Another servant escorted them into the house, Kiron acutely aware of his disheveled and filthy state. He hoped that the servant was not going to take them to the dining chamber—he was in no fit condition to be seen in such a place.

But as they passed through the antechamber, lined with benches for those who would be waiting on the Vizier’s attention, and painted with murals of the Vizier supervising the Queen’s household, receiving the Gold of Honor, and dictating to a small army of scribes, another servant appeared at a door, followed by the Vizier himself.

He was not someone that Kiron knew, but evidently Aket-ten did, for the man greeted her warmly.

“I know you would not have summoned me from my meal if this had not been urgent,” he said, with a wry smile. “You are not given to hysterics.”

“Actually, my lord, I don’t know what the situation is,” Aket-ten admitted. “But I do know that Kiron would not have flown all the way from Aerie himself if it was not a serious problem—”

Now she glanced at him, and there was something else in that glance that made him uneasy. Something personal.

Still nothing to be done about that. He saluted the Vizier. “My lord . . . while returning from an action against bandits, my wings discovered a body.”

He went on to describe everything that he could remember about the body and its disposition while the vizier listened carefully, arms folded over his chest. Torchlight flickering over the murals gave them a strange semblance of life, making it doubly odd to be talking to one Vizier while four more went about their business.

When he finished, the vizier nodded, face expressionless. Kiron’s heart sank. He had disturbed a very important man for nothing—

“This could be of no consequence,” the vizier said, and Kiron’s heart sank further. “But—we cannot take that chance. The gods may have placed a warning in our laps, and we ignore it at our peril. You acted properly in bringing this to me.”

Kiron felt a weight lifting from his shoulders. “Then I will leave it in the wise hands of Vizier Nef-kham-het,” he said. And he left it at that, bowing himself out, Aket-ten coming with him. He wanted to be sure Avatre had been properly tended, and he wanted a meal and a bath in that order.

However, he knew he wasn’t going to get any of those things soon when Aket-ten turned to him just outside the vizier’s gate and said somberly, “We need to talk. . . .”

SEVEN

“NOW?”he asked, wishing he dared walk on, but knowing—unless he wanted a quarrel—he had better stop where he was.

Ah, but he had forgotten one thing. Aket-ten was a Jouster as well as a young woman. She pursed her lips and shook her head.

“Not this moment. Go see to Avatre.” But she wasn’t about to let him off that easily. “Once you’re bathed, I’ll have one of the servants bring food to your room in the Dragon Courts. We can talk then.”

So he had a little respite anyway. He nodded, stifled a sigh, and tried to look something other than apprehensive. Then something struck him about what she had just said. And something that had been nagging him about the Dragon Courts occurred to him as well.

She had said she was going to have a servant bring food to his room. Now he usually stayed in one of the old Jousters’ quarters in the Dragon Court on the rare occasions when he turned up here, but . . .

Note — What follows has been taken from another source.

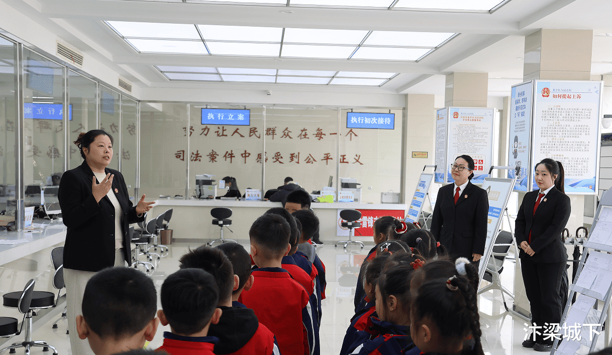 在执行指挥中心和法院荣誉室,王梅芳法官向孩子们介绍了法院如何通过科技手段查找财产、保障胜诉当事人权益,直观展现“司法公正最后一公里”的落地过程和所获成绩。

But there had never been servants here. Why should there be? There was no one here. And he didn’t think that four self-sufficient young men here could justify installing servants again.

Could it?

Or was there something more going on?

Or was he just tired and overreacting to something that had no meaning?

He talked to her about little nothings as they walked together back to the dragon pens. How progress had just speeded up apace since the merchants had taken to being grateful . . . how he was even going to have a kitchen in his own dwelling before long . . . how some enterprising soul was planning to create some bathing and swimming pools . . . all of this to try and make her see just how much more livable Aerie was becoming, to tempt her back.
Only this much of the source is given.